University of Cambridge / AstraZeneca
A transformer that predicts protein-RNA binding affinity from Boltz-2 pre-structural embeddings via cross-modal attention, without requiring predicted structures.
ZeroFold addresses a long-standing challenge in structural biology: predicting how tightly a protein binds an RNA molecule. Accurate protein-RNA affinity prediction matters for understanding post-transcriptional gene regulation and for designing RNA-targeting therapeutics, yet it has remained largely unsolved. A central obstacle is the conformational flexibility of RNA, which—unlike most proteins—exists as a dynamic ensemble rather than a single dominant fold. Committing to one predicted structure discards information that is relevant to binding, limiting the usefulness of structure-first prediction pipelines for this problem.
The model's core idea is to bypass explicit structure prediction altogether. Rather than decoding a 3D structure and scoring it, ZeroFold extracts pre-structural embeddings—the intermediate representations produced by a biomolecular foundation model just before its structure-decoding step.

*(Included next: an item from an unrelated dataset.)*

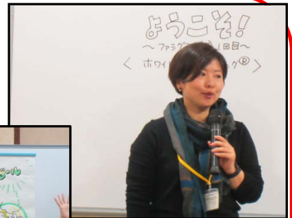
←ファシリテーショングラフィック講座の進め方をグラフィックにしてみました

The authors argue these embeddings implicitly encode conformational-ensemble information, making them a natural representation for flexible biomolecules such as RNA. ZeroFold builds a trained transformer on top of these embeddings to map a protein-RNA pair directly to a binding-affinity prediction from sequence alone.
ZeroFold was developed by Josef Hanke, Sebastian Pujalte Ojeda, Shengyu Zhang, Werngard Czechtizky, Leonardo De Maria, and Michele Vendruscolo at the Yusuf Hamied Department of Chemistry, University of Cambridge, in collaboration with AstraZeneca's medicinal chemistry group, and was posted to arXiv in March 2026.

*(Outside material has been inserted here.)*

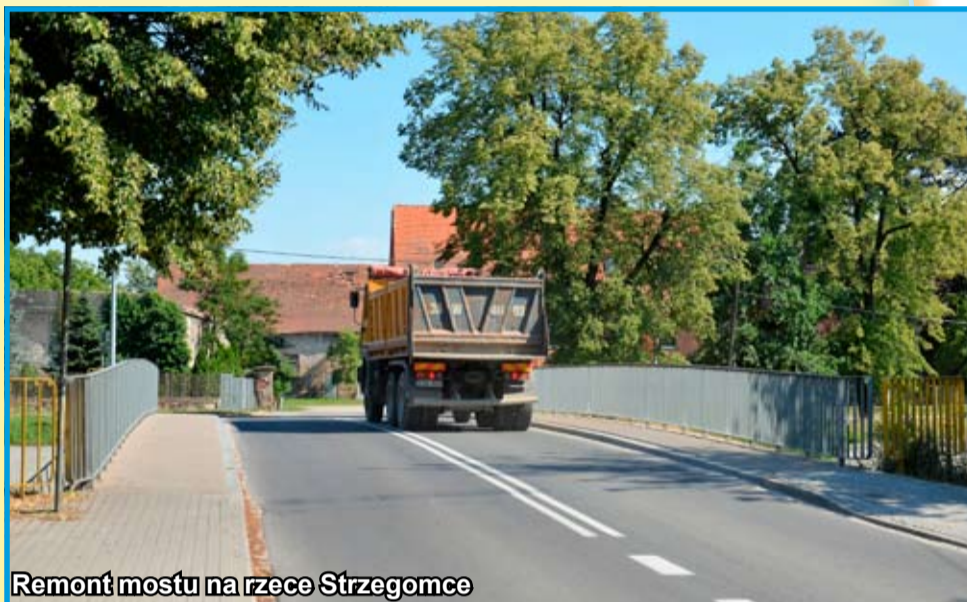
Remont mostu na rzece Strzegomce

ZeroFold is a transformer-based predictor that consumes pre-structural embeddings from Boltz-2 for both the protein and the RNA, fuses them with cross-modal attention, and runs as a fixed checkpoint at inference on new sequences. Training and evaluation use PRADB, a curated set of 2,621 unique protein-RNA pairs with experimental affinities aggregated from four databases. On a held-out test set built with a 40% sequence-identity threshold to limit train-test leakage, ZeroFold reaches a Spearman correlation of 0.65, which the authors describe as approaching the ceiling imposed by experimental measurement noise. Under progressively stricter evaluation that accounts for overlap with competitor training sets, ZeroFold compares favourably with both leading structure-based and leading sequence-based affinity predictors. The preprint does not report a parameter count or full architectural hyperparameters.
ZeroFold targets researchers and drug-discovery teams working on RNA biology and RNA-targeting modalities. Because it estimates binding affinity from sequence without requiring a predicted or experimental complex structure, it is well suited to prioritising candidate protein-RNA pairs at scale, screening RNA-binding proteins, and exploring interactions for which no structural data exist—settings where structure-first pipelines stall. The pre-structural-embedding strategy is also of methodological interest to teams building affinity or interaction models for other flexible biomolecules.

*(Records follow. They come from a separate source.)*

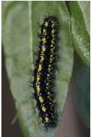
Schönbär - Callimorpha dominula (Linnaeus, 1758), Raupe.
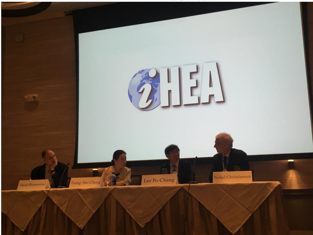
李署長與評論人與談現況
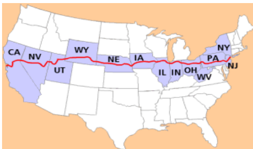
Slika 4. Karta koja prikazuje rutu Linconove ceste

ZeroFold contributes to a growing line of work that repurposes the internal representations of biomolecular foundation models such as Boltz-2, rather than only their final structural outputs, and argues that these intermediate features are particularly valuable for conformationally flexible systems like RNA. By framing protein-RNA affinity prediction as a problem solvable from pre-structural embeddings, it offers a route to a class of predictions that has been difficult for structure-based methods. As of this writing the work is a preprint, and no public code or trained weights have been released; the AstraZeneca collaboration may also constrain weight distribution. Independent benchmarking and a public implementation would help establish how broadly the approach generalises.